By Isaac Mwanza
Following the filing of the motion on 22nd March, 2018 in an attempt to impeach the President of the Republic of Zambia by the opposition United Party for National Development (UPND), through the Mazabuka Member of Parliament, Hon Garry Nkombo, this author wrote to the Clerk of the National Assembly regarding grounds 1.1, 1.2 and 2.1.5 which are active matters before the courts of law. Further, I have heard the National Democratic Party Consultant, and Roan Member of Parliament, Hon. Chishimba Kambwili, stating that the vote on the impeachment motion is by secret ballot. That is not correct, correct, as I discussed in Series 5.
In this series, we discuss the role of the courts in Zambia regarding Parliamentary business, such as the impeachment motion.

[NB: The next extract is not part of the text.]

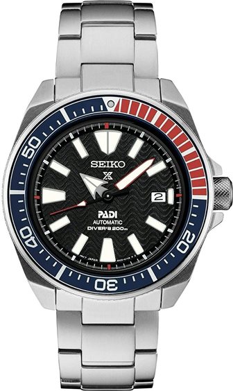 OROLOGIO SEIKO PROSPEX DIVER PADI SAMURAI - SPECIAL EDITION - AUTOMATICO - MOVIMENTO: automatico Seiko Cal. 4R35 - RISERVA DI CARICA: 41 ore - CASSA: in acciaio - QUADRANTE: nero con onde - indici e lancette Lumibrite - LUNETTA : girevole unilaterale - rivestimento in carburo di titanio rosso/blu - FONDELLO: avvitato - BRACCIALE: in acciaio con chiusura deployante di sicurezza - VETRO: in Hardlex - FUNZIONI: 3 sfere, Data, Ricarica manuale possibile - IMPERMEABILITA: 200M - GARANZIA UFFICIALE 24 mesi

The question is, if the National Assembly had responded that it would still go ahead and entertain the motion irrespective of the fact that some matters contained in the impeachment motion, are in court, what recourse do I have? What recourse would the movers of the motion have if the Speaker denied them the right to have a secret ballot in the first round?
The Question of the law
The relevant provisions of the law are Article 1(5), 76(1), 77(1) of the Constitution of Zambia, Chapter 1 of the Laws of Zambia as well Section 34 of the National Assembly (Powers and Privileges) Act, Chapter 12 of the Laws of Zambia. One may however not forget to look for judicial precedent on how the courts have dealt with questions regarding decisions by the Speaker of the National Assembly.
“Article 1. (5) of CAP 1
A matter relating to this Constitution shall be heard by the Constitutional Court.
Article 76. (1)
A Member of Parliament has freedom of speech and debate in the National Assembly and that freedom shall not be ousted or questioned in a court or tribunal.
Article 77. (1)
Subject to this Article and Article 78, the National Assembly shall regulate its own procedure and make Standing Orders for the conduct of its business.
Section 34 of CAP 12
Neither the Assembly, the Speaker nor any officer shall be subject to the jurisdiction of any court in respect of the exercise of any power conferred on or vested in the Assembly, the Speaker or such officer by or under the Constitution, the Standing Orders and this Act.”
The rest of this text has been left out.